Das rechnerische Minus von 2,36 Millionen Euro kann sich nach der aktuellen Steuerschätzung zwar noch mal um 1,2 Millionen verschlechtern, allerdings hatten die Endabrechnungen in den vergangenen Jahren immer ein dickes Millionenplus ergeben, weil Bauvorhaben verschoben wurden oder Stellen nicht besetzt werden konnten. Zudem konnte der Kreis seine Schulden seit 2008 um 90 Prozent reduzieren – von fast 50 auf jetzt nicht mal fünf Millionen Euro.

Damit hatten im Anhörungsverfahren auch die Bürgermeister argumentiert. Da der Kreis für 2015 zudem von höheren Einnahmen ausgeht – fast 244 Millionen Euro – wollten sie eine Nullrunde. Wenn der Kreis tatsächlich ins Minus rutsche, könne man die Umlage auch 2016 noch erhöhen.

Mit dem Kompromiss von 1,5 Prozentpunkten zeigten sich die Kreistagsfraktionen zufrieden, in den Städten und Gemeinden hatte man aufgrund der Entlastung bei Infrastruktur und Schulsozialarbeit auf weniger gehofft. „Ich bin enttäuscht“, sagt Bargteheides Bürgermeister Henning Görtz, „es gab Andeutungen, dass man sich vorstellen könne, noch einen Tick weiter runterzugehen.“ Er hatte auf 1,0 Prozentpunkte gehofft. „Damit hätte man würdigen können, dass mehr als die Hälfte der Stormarner Kommunen ohnehin schon durch das FAG Geld verliert“, so Görtz. „Wir bleiben bei unserer Auffassung, dass man besser das nächste Jahr abgewartet hätte“, sagt Thomas Schreitmüller, Bürgermeister in Barsbüttel und Vorsitzender des Stormarner Gemeindetags.

In der sogenannten Körbchen-Runde ging es in diesem Jahr nur noch um kleinere Mehrausgaben.
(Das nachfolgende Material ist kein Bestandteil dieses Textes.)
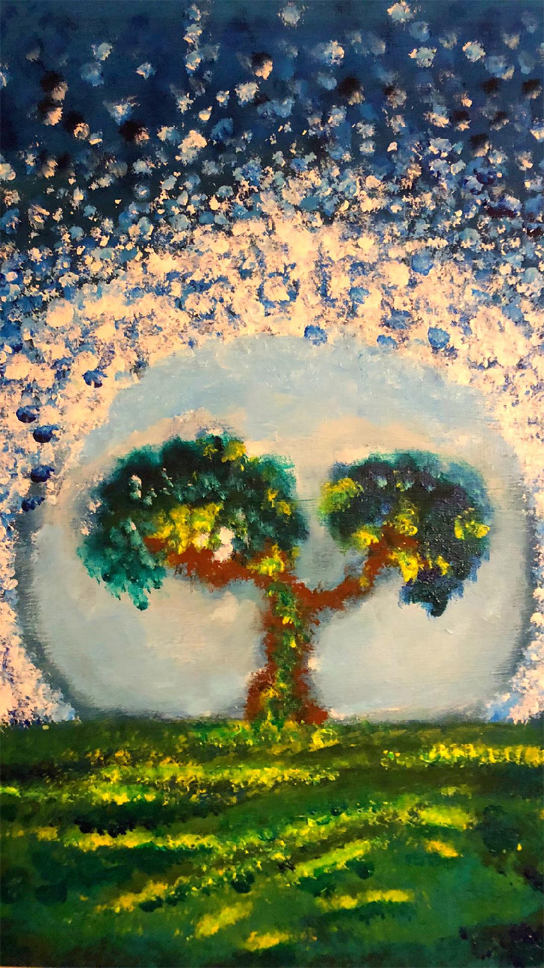 Όπως αναφέρει η επιμελήτρια της έκθεσης Ίρις Κρητικού: «Τα δέντρα της που ονειρεύονται άλλα δέντρα, κυριευμένα από τα χρώματα και τα αισθήματα που σταδιακά αποκτούν, γίνονται αυθύπαρκτα σώματα, φωτοβόλα πυροτεχνήματα, ιερός χορός. Αναζητώντας το υπερβατικό ουράνιο τόξο της καρδιάς και του νου, οι νέες ετούτες συμβολικές σημάνσεις εξερευνούν τη μαγεία του φυσικού κόσμου, το κόχλασμα της άγριας και ανεξάντλητης φυσικής ομορφιάς και τη συμβολική ερμηνευτική της που ελλοχεύει […]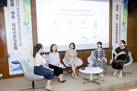 上半場(chǎng)與會(huì)嘉賓圍繞“低生育時(shí)代的教育突圍:幼兒園如何在托幼一體化中實(shí)現(xiàn)服務(wù)轉(zhuǎn)型”展開了深入討論。西安市第一保育院的王淑君園長、深圳新生幼兒園的韋小冰園長、陜西師范大學(xué)實(shí)驗(yàn)幼兒園的李敏園長以及西安歐亞人文教育學(xué)院陳陽院長分別從政策準(zhǔn)備、課程體系構(gòu)建、師資培養(yǎng)等角度分享了各自的觀點(diǎn)和實(shí)踐經(jīng)驗(yàn)。
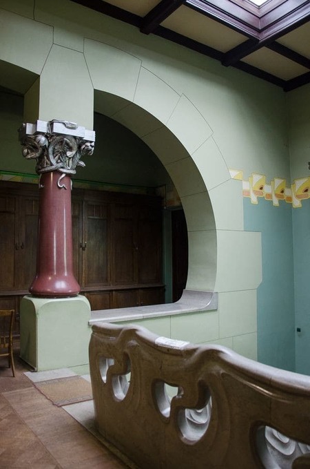 Лестничный марш отделён от вестибюля тонкой стеной с цветным витражом, на котором изображён пейзаж с холмами и деревьями. Таким образом, даже перегородка превращается в декоративный экран и одновременно — в «окно» в условную природу.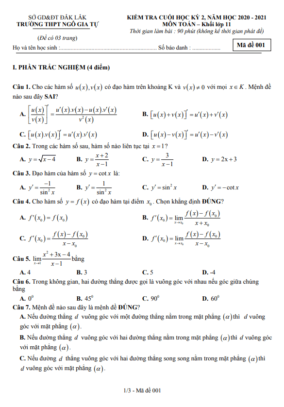 Đề thi cuối học kỳ 2 Toán 11 năm 2020 – 2021 trường THPT Ngô Gia Tự – Đắk Lắk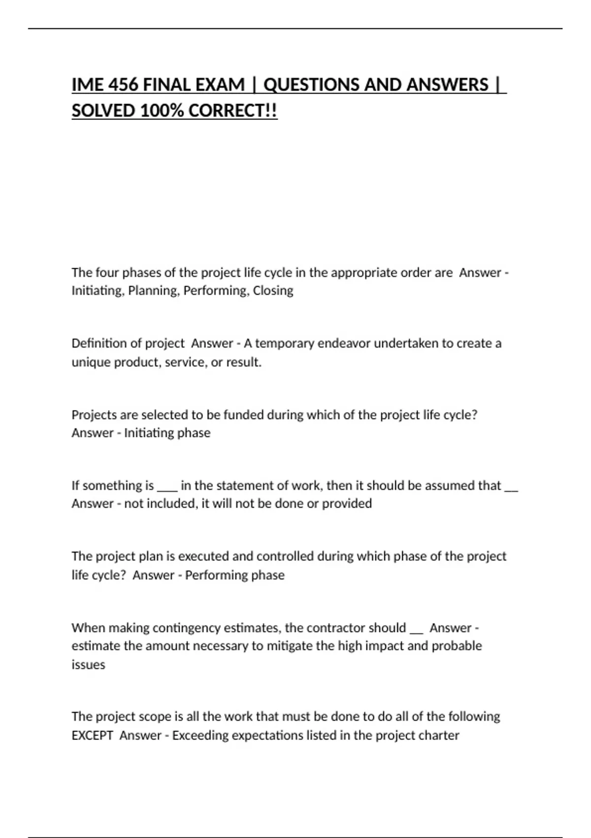 IME 456 FINAL EXAM | QUESTIONS AND ANSWERS |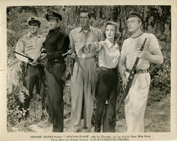 For a movie made on the cheap, it looks good and, more importantly, would provide a bit of fun over the course of its seventy-five minutes. Most of that would come from the light, breezy atmosphere director Jack Bernhard would foster throughout, and the easy performances of its cast. Virginia Grey would end up being both the eye candy and the damsel in distress in this endeavour, while being the love interest for not one, not two, but three men. Phillip Reed would pose as her fiancée, and Barton MacLane as the overbearing and over-the-top Captain Tarnowski. Coming in third but ending up with the girl when all was said and done would be Richard Denning as the man known as Fairbanks. He, too, would end up on the boat with the rest of the players, as he had previously been to the island of dinosaurs, and being the only survivor meant he might have a perspective that the others could use.
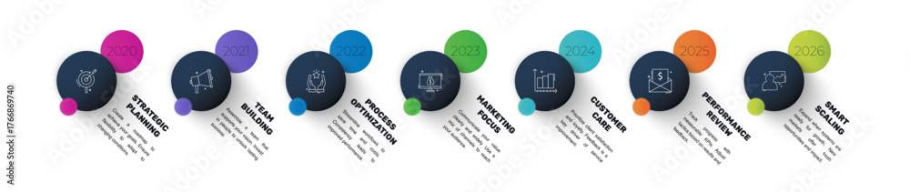 Vector infographic design template. Modern timeline concept with seven steps, circles. Vector illustration used for diagram, workflow layout, banner, webdesign #1766869740

Mehrstellen und höhere Zuschüsse für den ÖPNV, vor allem für die U-Bahn und den Busverkehr in Südkreis, waren schon vorher beschlossen worden. Auf Antrag der SPD wurden zwei halbe Schulsozialarbeiter-Stellen für die beiden Berufsschulen beschlossen, auf Wunsch der Grünen gibt es Geld für eine Veranstaltung zur Sicherheit des Radverkehrs und mehr Geld für Frauenförderung in der Kommunalpolitik. Die CDU wollte 100 000 Euro für die ehrenamtliche Nachmittagsbetreuung an der Woldenhornschule. In den Haushalt kamen erstmal 50 000 Euro, die mit einem Sperrvermerk versehen wurden. Abgelehnt wurde unter anderem eine Kostenübernahme für die Nachtbusse.